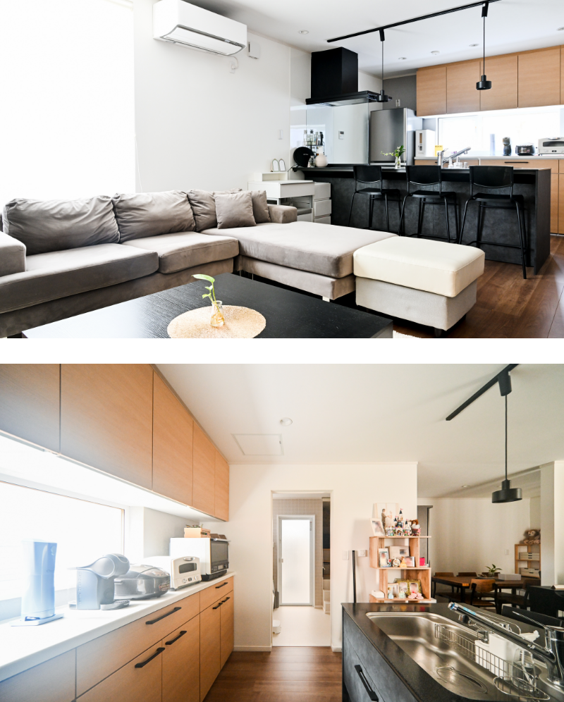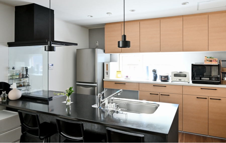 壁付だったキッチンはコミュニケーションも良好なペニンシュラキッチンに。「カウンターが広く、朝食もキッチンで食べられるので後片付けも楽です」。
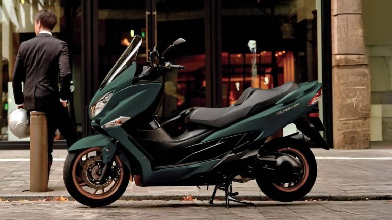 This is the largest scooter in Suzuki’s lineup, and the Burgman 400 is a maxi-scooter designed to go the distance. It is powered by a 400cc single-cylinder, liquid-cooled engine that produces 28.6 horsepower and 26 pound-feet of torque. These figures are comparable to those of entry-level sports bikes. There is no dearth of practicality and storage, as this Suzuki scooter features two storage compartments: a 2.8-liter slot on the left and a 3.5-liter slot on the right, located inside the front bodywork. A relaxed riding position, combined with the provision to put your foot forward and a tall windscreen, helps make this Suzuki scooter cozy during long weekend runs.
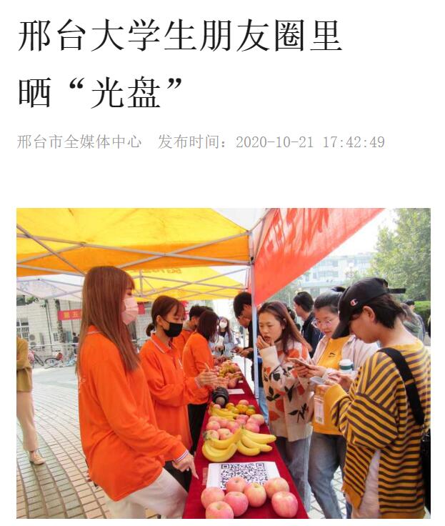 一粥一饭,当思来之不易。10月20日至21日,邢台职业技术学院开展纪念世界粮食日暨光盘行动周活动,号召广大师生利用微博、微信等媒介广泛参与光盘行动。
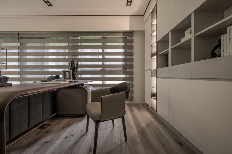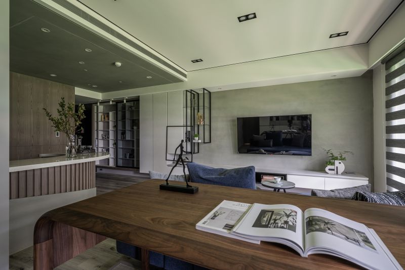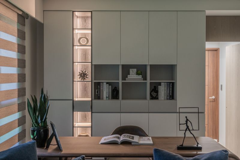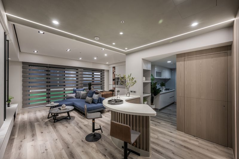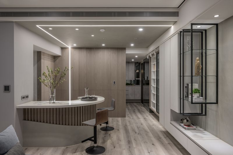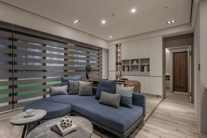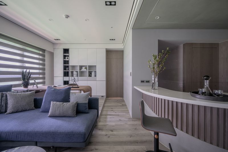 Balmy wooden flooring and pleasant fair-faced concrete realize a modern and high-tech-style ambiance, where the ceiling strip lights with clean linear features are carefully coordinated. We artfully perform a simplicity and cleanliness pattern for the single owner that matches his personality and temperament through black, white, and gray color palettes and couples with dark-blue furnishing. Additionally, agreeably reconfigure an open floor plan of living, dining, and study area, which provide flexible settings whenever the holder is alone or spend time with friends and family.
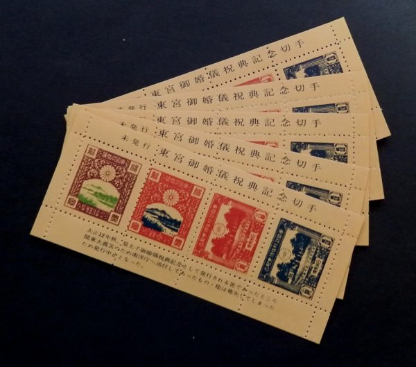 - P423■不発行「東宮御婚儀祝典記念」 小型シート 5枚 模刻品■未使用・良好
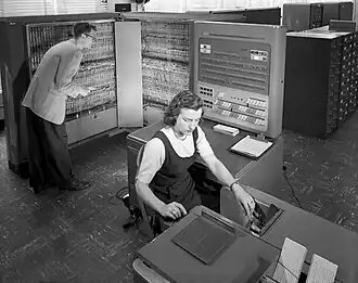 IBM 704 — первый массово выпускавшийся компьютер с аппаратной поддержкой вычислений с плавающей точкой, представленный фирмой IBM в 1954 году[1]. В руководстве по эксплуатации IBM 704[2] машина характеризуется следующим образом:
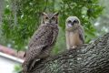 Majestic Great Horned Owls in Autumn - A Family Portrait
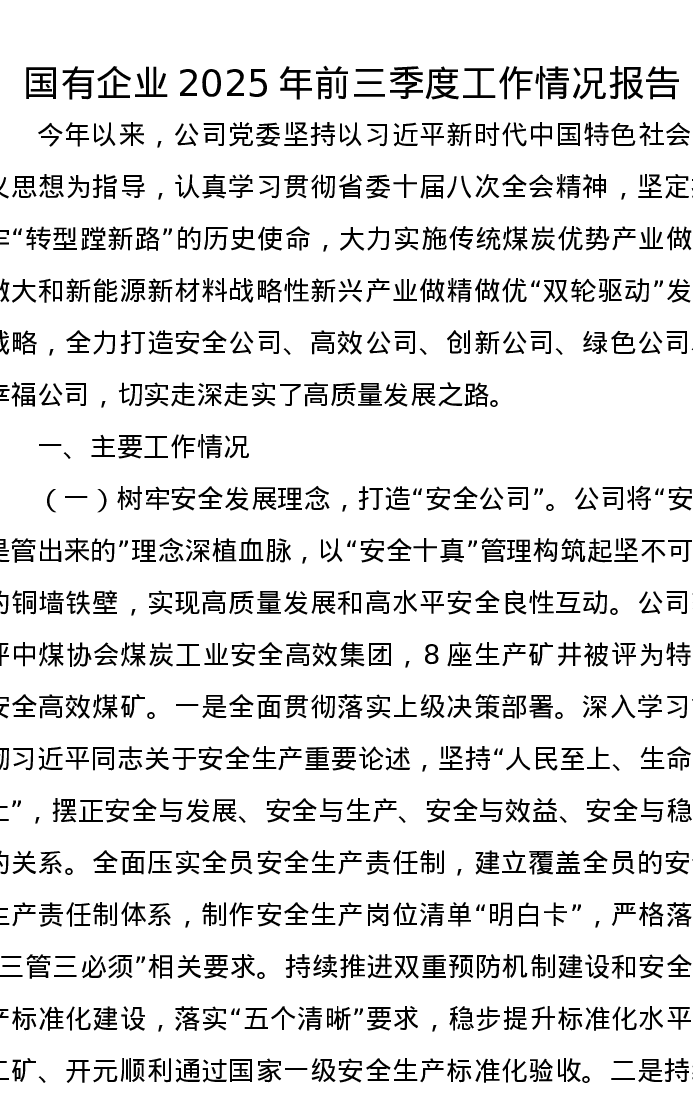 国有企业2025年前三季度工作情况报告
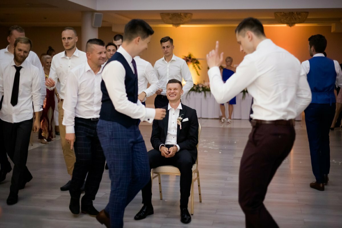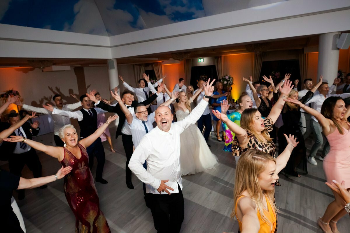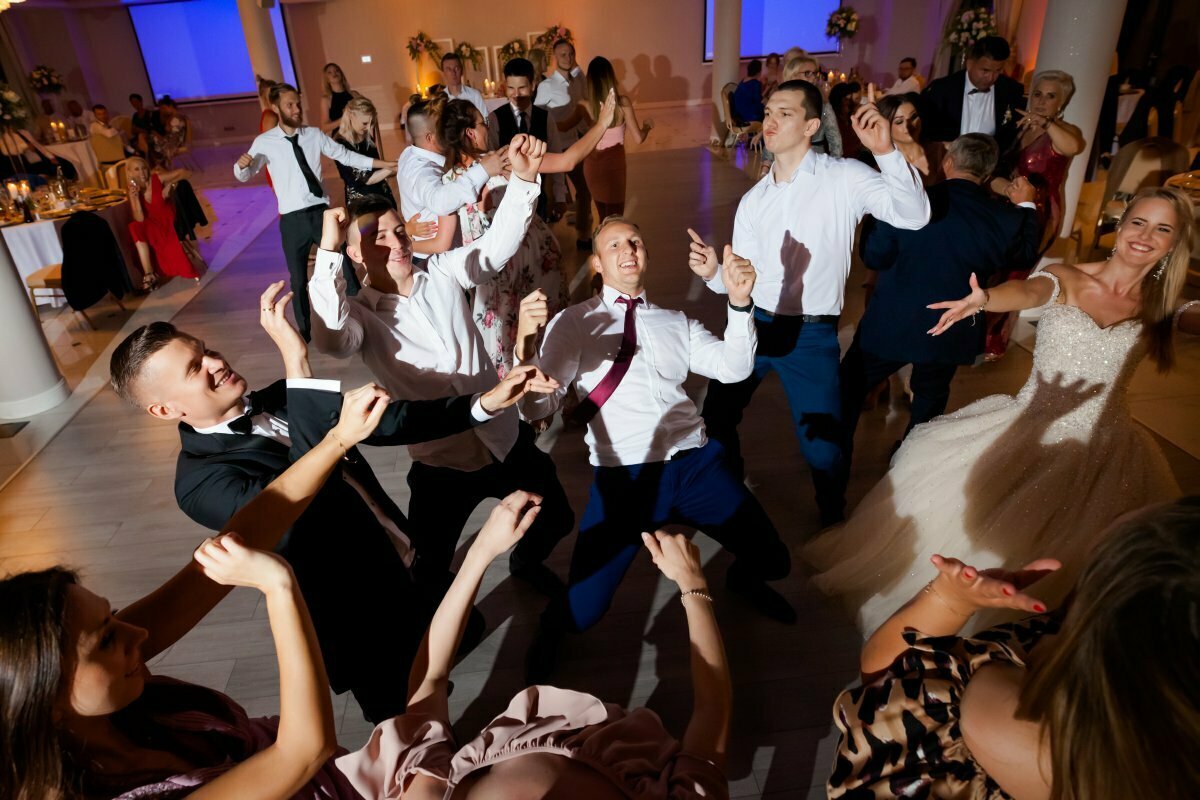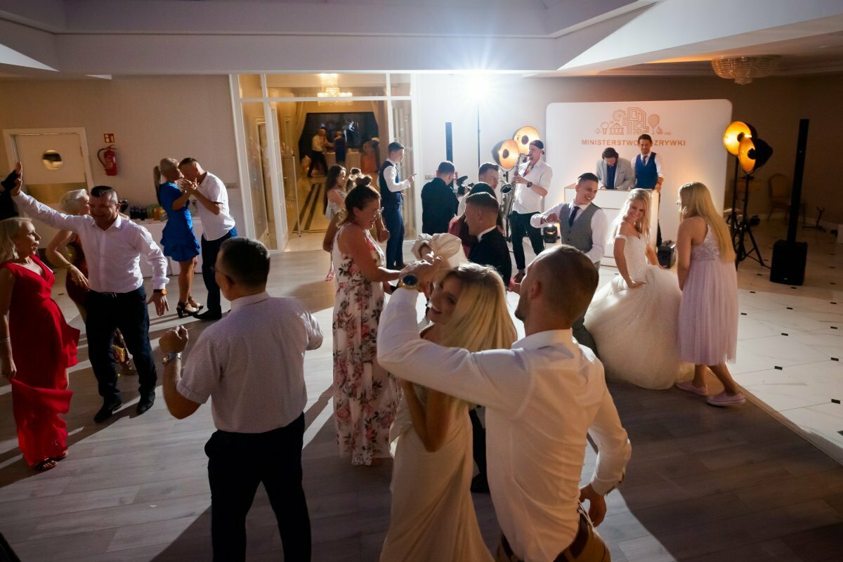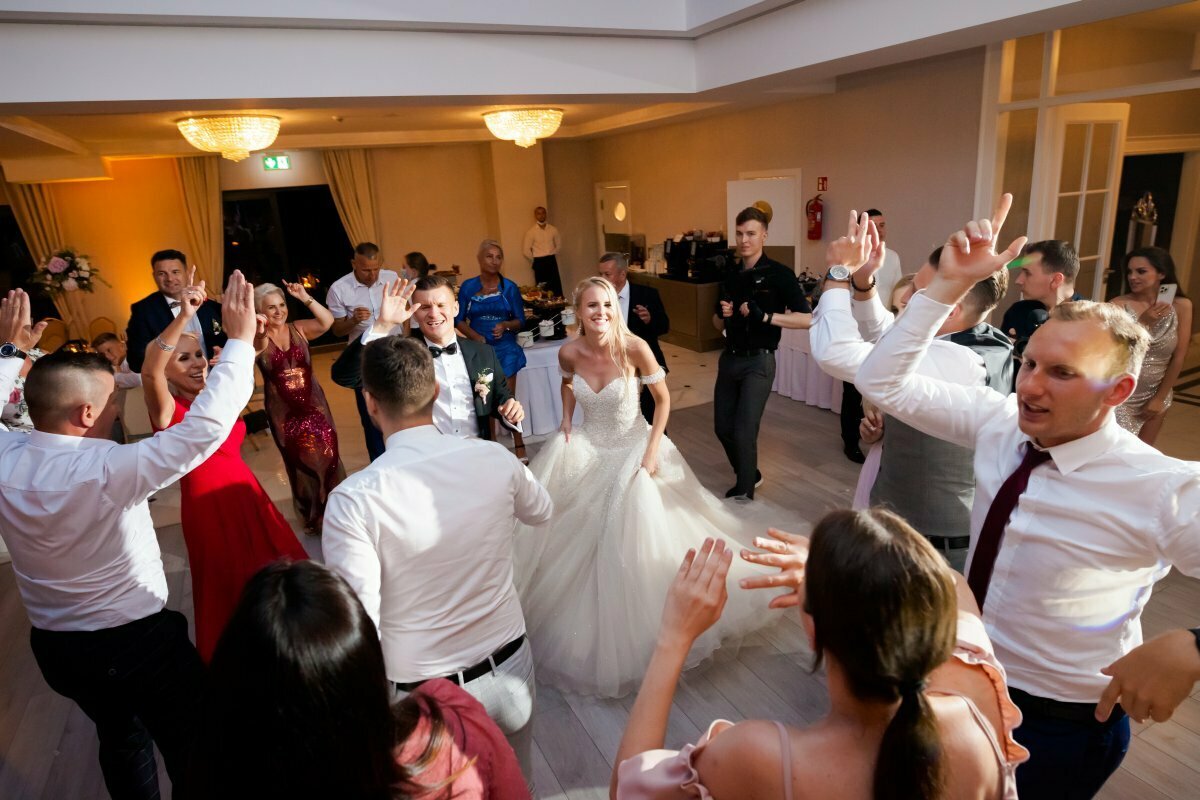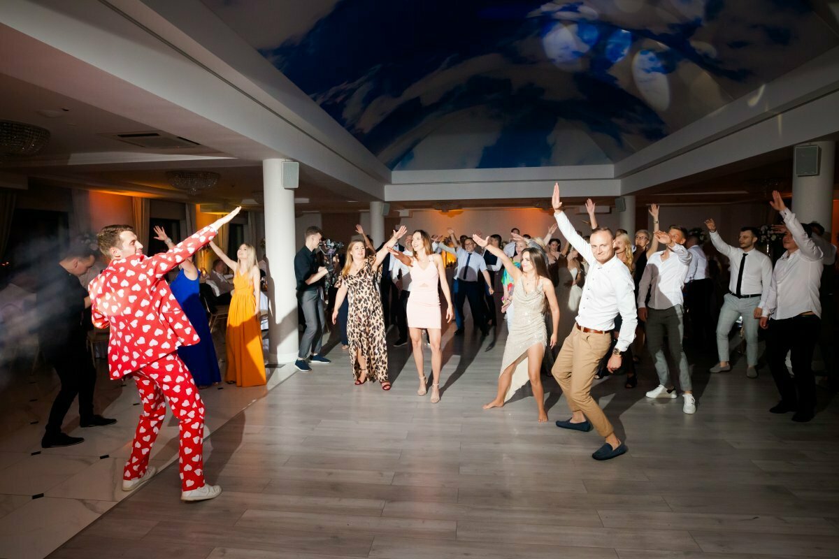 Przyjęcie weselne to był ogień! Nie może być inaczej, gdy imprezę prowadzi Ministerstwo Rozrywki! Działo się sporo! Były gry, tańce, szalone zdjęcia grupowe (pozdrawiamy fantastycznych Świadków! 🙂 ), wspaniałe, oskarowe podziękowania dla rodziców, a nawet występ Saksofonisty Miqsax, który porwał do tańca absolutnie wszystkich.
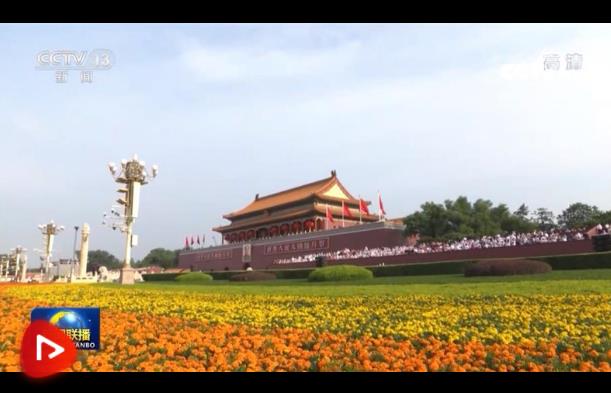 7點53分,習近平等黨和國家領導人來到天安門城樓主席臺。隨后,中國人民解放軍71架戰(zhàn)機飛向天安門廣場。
_____
Action item —
Retype exactly, and only, the lines from the one containing "Majestic Great Horned" through the end of the material, leaving aside every picture.

Task result —
 Majestic Great Horned Owls in Autumn - A Family Portrait
 国有企业2025年前三季度工作情况报告
 Przyjęcie weselne to był ogień! Nie może być inaczej, gdy imprezę prowadzi Ministerstwo Rozrywki! Działo się sporo! Były gry, tańce, szalone zdjęcia grupowe (pozdrawiamy fantastycznych Świadków! 🙂 ), wspaniałe, oskarowe podziękowania dla rodziców, a nawet występ Saksofonisty Miqsax, który porwał do tańca absolutnie wszystkich.
 7點53分,習近平等黨和國家領導人來到天安門城樓主席臺。隨后,中國人民解放軍71架戰(zhàn)機飛向天安門廣場。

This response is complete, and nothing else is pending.